PROVIDED MATERIAL »
*** Block opens ***
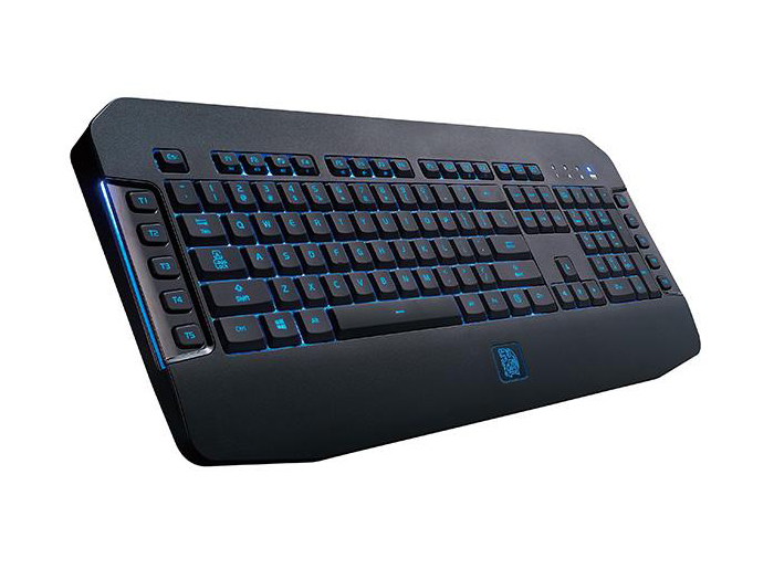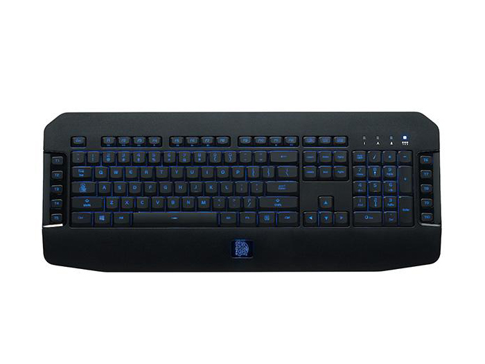 五段自訂義藍色LED全背光模式可透過[Fn + F11]的切換來選喜好亮度,另外偏好呼吸式背光模式的玩家也可選擇此模式,外加固定扶手護腕上的鬥龍圖騰則是電競王者標誌
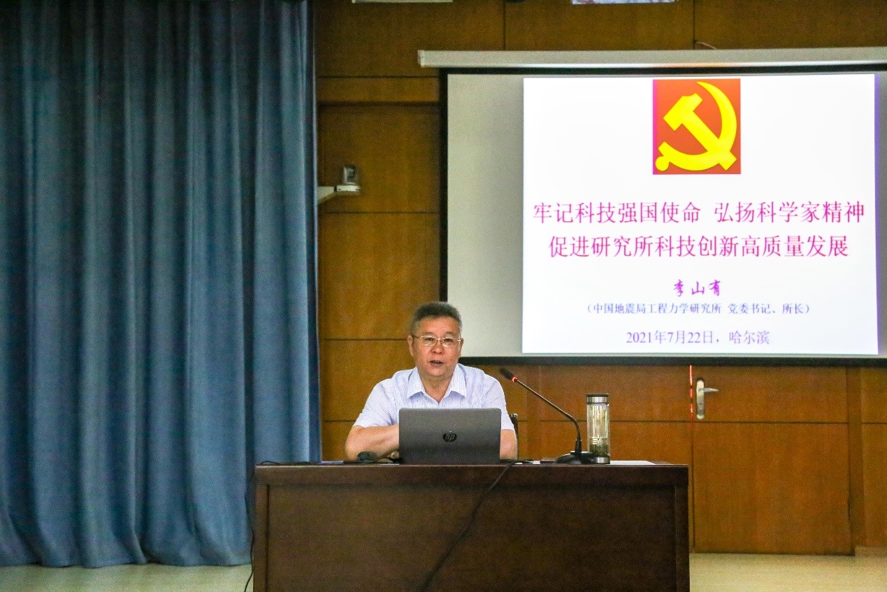 發布時間: 2021-07-27 點擊數量:47347月22日,工力所舉行黨史學習教育專題黨課報告會。工力所黨委書記、所長李山有同志以“牢記科技強國使命 弘揚科學家精神 促進研究所科技創新高質量發展”為主題向全所干部職工和學生黨員講授黨史學習教育專題黨課。
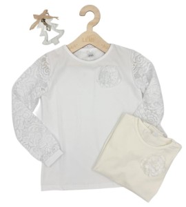 Bluzka posiada długi rękaw wykonany z miękkiej, delikatnej koroneczki, która nie drapie i jest przyjemna w dotyku. Rękaw wykończony jest ściągaczem, a dekolt starannie obszyty, co nadaje bluzce elegancki i schludny wygląd. Ozdobą bluzki jest kwiat wykonany z tego samego materiału co rękaw, dodający subtelnego uroku i wyjątkowego charakteru.
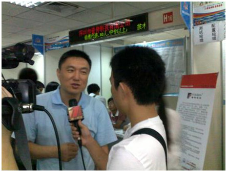 今天上午,普傳科技招聘組按照計劃再次來到位於深圳羅湖區的深圳市人才大市場,進行各崗位,累計15人的新一輪招聘工作,與會期間普傳科技總經理張海傑先生接受了深圳都市頻道《第一現場》欄目記者的采訪,張總表示:普傳科技在企業效益持續增長的同時,牢牢把握以“誠信、責任、創新”為核心價值觀的企業文化理念,始終不忘社會責任,真誠回報社會,從“企業看社會”全麵轉向“從社會看企業”。
*** Block closes ***
WHAT THIS TASK INVOLVES » The whole listing should be restated word for word, with no pictures.

REPLY »
 五段自訂義藍色LED全背光模式可透過[Fn + F11]的切換來選喜好亮度,另外偏好呼吸式背光模式的玩家也可選擇此模式,外加固定扶手護腕上的鬥龍圖騰則是電競王者標誌
 發布時間: 2021-07-27 點擊數量:47347月22日,工力所舉行黨史學習教育專題黨課報告會。工力所黨委書記、所長李山有同志以“牢記科技強國使命 弘揚科學家精神 促進研究所科技創新高質量發展”為主題向全所干部職工和學生黨員講授黨史學習教育專題黨課。
 Bluzka posiada długi rękaw wykonany z miękkiej, delikatnej koroneczki, która nie drapie i jest przyjemna w dotyku. Rękaw wykończony jest ściągaczem, a dekolt starannie obszyty, co nadaje bluzce elegancki i schludny wygląd. Ozdobą bluzki jest kwiat wykonany z tego samego materiału co rękaw, dodający subtelnego uroku i wyjątkowego charakteru.
 今天上午,普傳科技招聘組按照計劃再次來到位於深圳羅湖區的深圳市人才大市場,進行各崗位,累計15人的新一輪招聘工作,與會期間普傳科技總經理張海傑先生接受了深圳都市頻道《第一現場》欄目記者的采訪,張總表示:普傳科技在企業效益持續增長的同時,牢牢把握以“誠信、責任、創新”為核心價值觀的企業文化理念,始終不忘社會責任,真誠回報社會,從“企業看社會”全麵轉向“從社會看企業”。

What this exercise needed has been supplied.